I think this is temporary and will not sustain long - Hope so.


----------



## din (Feb 19, 2010)

Yes, according to PP, they are trying to solve it soon, but takes more time than they expected.

Really hope they resolve it.


----------



## ravi_9793 (Feb 19, 2010)

my withdrawal is also stuck in between.
Hope it get solved soon. Haven't try xoom as withdrawal fee is very high.

Friends, you can get update from paypal official blog:
*www.thepaypalblog.com/


----------



## din (Feb 19, 2010)

@ravi_9793 

Use coupons to get your money from xoom - for free (no fee at all)  And it is all valid/legal. I tried and received money in bank account without paying any fee to xoom.

You can also try withdrawing to credit/debit cards or erquest a cheque (may take more time I guess).
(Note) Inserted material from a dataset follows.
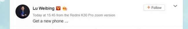 Прямого заявления от главы компании не поступало, однако подписчики Вейбина на Weibo, популярном в Китае сайте для ведения микроблогов, вскоре заметили, что пост, гласящий “Get a new phone …” (Получил новый телефон…), опубликован с устройства, идентифицированного как Redmi K30 Pro zoom version. Дата презентации смартфона не названа, но есть вероятность, что устройство будет показано вместе с базовой версией Redmi K30 Pro.

Check DP forums for coupons, or if you want, I can post here.


----------



## ravi_9793 (Feb 19, 2010)

din said:


> @ravi_9793
> 
> Use coupons to get your money from xoom - for free (no fee at all)  And it is all valid/legal. I tried and received money in bank account without paying any fee to xoom.
> 
> ...




thanks a lot din.
Actually I had already started withdrawal process, and paypal shows it as completed. 

Now I have only 200$ left in my paypal account, which I plan to purchase some service at DP or will use for my servers rent.

Thank you again, I may send you PM for Xoom coupon in couple of days because I may get 550$ payment next week.


----------



## din (Mar 1, 2010)

Latest update.

Paypal will resume bank withdrawals from Monday. They will contact the users before Wednesday with more details.

Source - Email from Paypal and also the Paypal blog.


----------



## TheHumanBot (Mar 2, 2010)

i think now xoom has some problems.
*blog.xoom.com/2010/02/paypal-funded-transactions-to-india.html

sorry if i misunderstood it.


----------



## din (Mar 2, 2010)

Yes, xoom closed the doors ! It no longer accept Paypal as source for sending money to India.

But PP opened the doors again  So do not worry.

More at - *www.thepaypalblog.com (Official Paypal Blog)


----------